Antibiotics applied in combination produce interactions which are coarsely visualized by the minimum inhibitory concentration (MIC) line, which separates growth and no growth regions in drug–drug concentration space. Interactions can range from drug X suppressing, to buffering, to augmenting the effects of drug Y (a–c, respectively). MIC lines of an X-resistant strain (X^R, red) are approximated by geometrically scaling the MIC lines of the X-sensitive strain (X^S, green) along the drug x axis, reflecting the diminished effective levels of that drug to the resistant strain (grey arrow in a). While resistance to drug X does not change the MIC to drug Y alone (the green and red lines coincide along Y-axis, [X]=0), adding sub-inhibitory levels of drug X tends to separate the MIC lines of the X^R and X^S strains, exposing regions of ‘threshold selection' where one strain grows but the other is fully inhibited (a, only X^S strain can grow in the pale green region with no red stripes; c, only X^R strain can grow in the red striped region with no green background). This potentiated threshold selection occurs along gradients of drug Y at a fixed positive concentration of X (wedge at [X]=x′) for every drug interaction except for buffering (b), where the MIC lines coincide. Qualitatively, these regions of selection between sensitive and resistant MIC lines are observed in differential inhibition assays over diffusing Y gradients (Compare wedges in plots and in schematic differential inhibition assays directly above). The model can be refined to include other positive growth isoclines which, treated similarly to the MIC, generate less intense selection windows with the same dependence on the shape of the stress interaction.
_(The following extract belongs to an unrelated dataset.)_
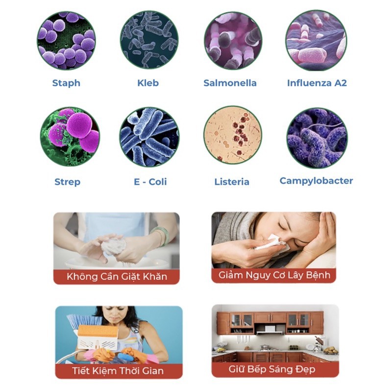 ■ Không Cần Giặt Lại Khăn Nhớp Dính, Diệt Khuẩn Tối Ưu

Figure 3. Sub-inhibitory doxycycline potentiates selection for or against tetracycline resistance by non-antibiotic chemical and physical stresses.

(a) Differential inhibition assays point to doxycycline-potentiated selection by non-antibiotic compounds, biased in favour of tetracycline resistance for hydrogen peroxide, EDTA, and citric acid in various forms, and biased towards tetracycline sensitivity for paraquat and CaCl₂. (b) Doxycycline potentiates selection biased towards tetracycline sensitivity by osmotic stress due to high concentrations of NaCl, and to a lesser degree sucrose and PEG 8000. (c) Modified differential inhibition assays indicate that tetracycline-sensitive and -resistant bacteria stressed by transient gradients of ultraviolet radiation and heat also exhibit tetracycline-potentiated selection for resistance.

Figure 4. Non-selective toxins can substantially modify the selection on resistance by an antibiotic diffusing from a local source.

(a) A diffusing gradient of doxycycline alone selects strongly for tetracycline resistance at higher concentrations and is neutral at lower levels (Inset, −Cpr). A small inhibitory level of ciprofloxacin added uniformly to the agar (+Cpr) drastically changes the pattern of selection by doxycycline, revealing a large band of selection for sensitivity (green circle), a band of selection for resistance (red circle), and multiple regions of inhibition of both strains (black regions). (b) Since ciprofloxacin and doxycycline interact suppressively, we rationalize this picture by comparing the sampled gradient in the image (a) with a schematic of such a suppression interaction (compare blue dashed wedges), that similarly crosses regions of threshold selection for tetracycline resistance and sensitivity.